According to the schedule of debate on Sunday, parliament will meet to discuss the new government-drafted amendments to Egypt's Central Depository and Registration Law (93/2000).
A report jointly prepared by parliament's economic and legislative and constitutional affairs committees said the 60-article Central Depository and Registration Law forms the basis of the performance of the stock market and that it is critical for creating a more investment-friendly climate in Egypt.
"This law, passed in 2000, is a turning point in the history of the Egyptian stock market. It led to transforming trade operations on the stock market from manual to electronic," said the report.
The amendments, the report said, aim to achieve a number of objectives.
"First, they are meant to be in line with the 2015 amendment of the Joint Stock Companies Law (17/2015) which made trading of the shares of these companies (numbering 130,000) governed by the central depository and registration system," said the report, adding that "second, they aim to be in harmony with the 2018 amendments of the Capital Market Law which led to the creation of the future contracts bourse that will also be regulated by the central depository and registration system."
Third, said the report, the amendments open the door for new companies to join the business of central depository and registration works.
"Right now, one company, the public sector Misr Maqassa (Clearance), is monopolising the business in this sector. With the new law, this will no longer be the case. Private companies will be allowed to join," said the report.
The government's financial securities (treasury bills and bonds) which are issued by the Central Bank of Egypt (CBE) on behalf of the Ministry of Finance, will be monopolised by a company fully owned by the CBE and licensed by the Financial Control Authority.
The government’s explanatory note on the law said the amendments regulate the activities of clearance and settlement of financial securities "and this is necessary for settling the legalities of trading in financial securities and the rights and obligations of those who do business in this sector."

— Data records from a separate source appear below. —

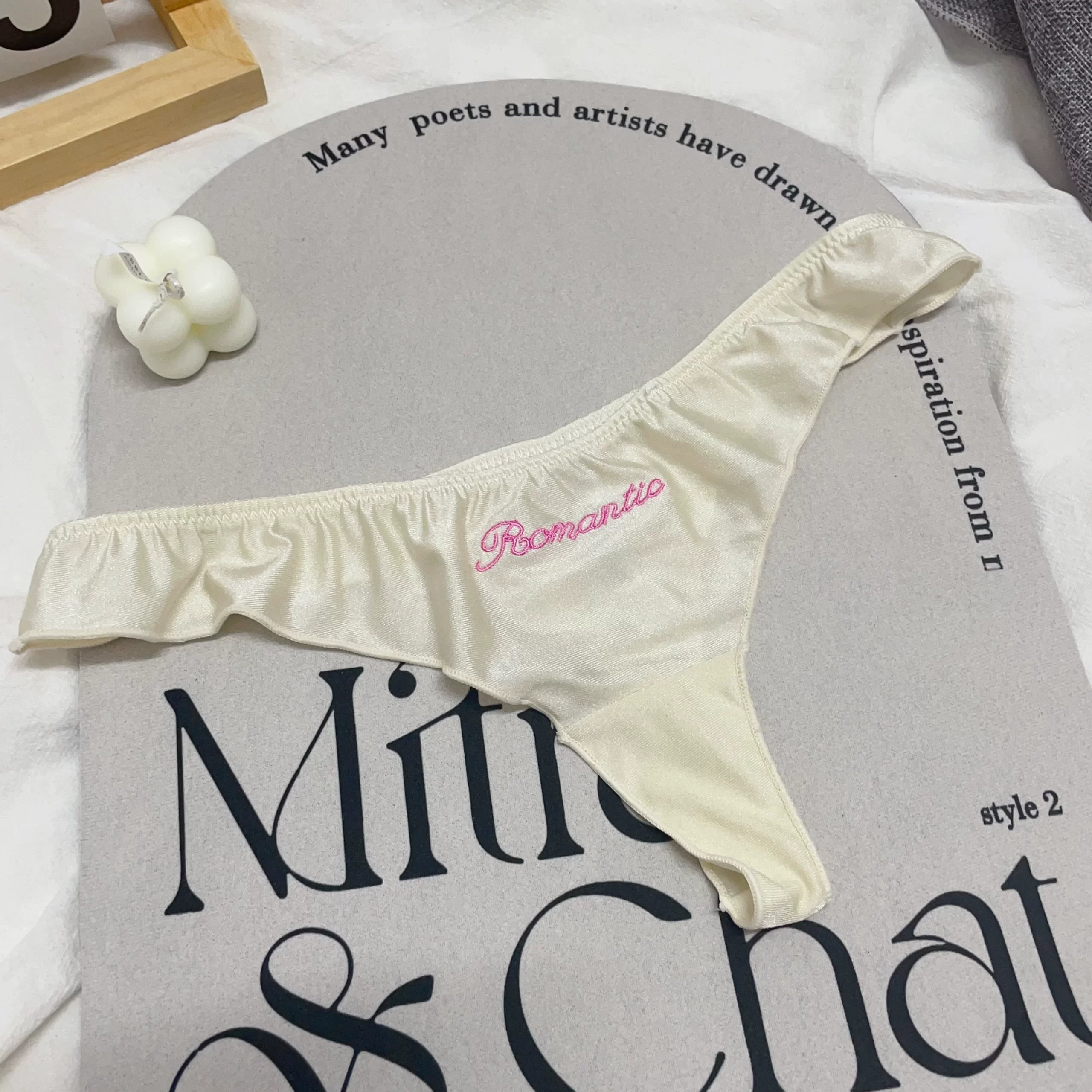 | nameOriginal | Pure Desire T-string Sexy Letters Ice Silk Satin Fashion Embroidery French European and American Hot Girl Women's Seamless T-Pants |
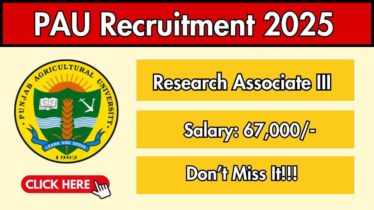 PAU Research Associate III Recruitment 2025 - Apply Offline
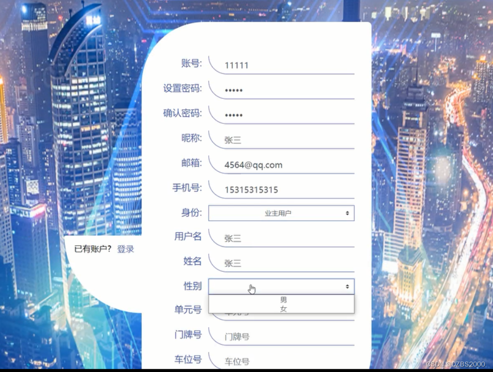 不是物业管理系统中业主的是可以在线进行注册的,当用户点击右上角“注册”按钮的时候,当填写上自己的账号+密码+确认密码+昵称+邮箱+手机号后等信息再点击“注册”按钮后将会先验证输入的有没有空数据,再次验证密码和确认密码是否是一样的,最后验证输入的账户名和数据库表中已经注册的账户名是否重复,只有都验证没问题后即可业主注册成功。其用业主注册界面展示如下图4.2所示。

When the amendments came up for debate for the first time in a meeting held by the economic committee on 20 October, Abdel-Hamid Ibrahim, an advisor to the chairman of the Financial Control Authority, explained that "the goal of the amendments is to help attract more investments to the stock securities market in a manner that could positively impact the international credit rating of Egypt.
“The new amendments do not affect in any way the existing entity which is in charge of the clearance and settlement system, since it is internationally recognised,” Ibrahim noted.
The meeting saw much debate on Article 35 that allows the CBE to monopolise business in treasury bonds and bills via a joint-venture company to be formed for his purpose.
Article 35 also states that the Financial Control Authority is the entity officially authorised to license joint-venture companies to do the business of the clearance and settlement of contracts concluded on the stock market.
The article lists all the requirements that must be first met for joint-venture companies to obtain an official licence.
Ashraf El-Araby, deputy chairman of parliament’s economic committee, said since the amendments are closely related to the investment and capital market, the committee was keen to hold intensive discussions on all its articles, individually, to ensure it will positively affect the economic and business climate of Egypt.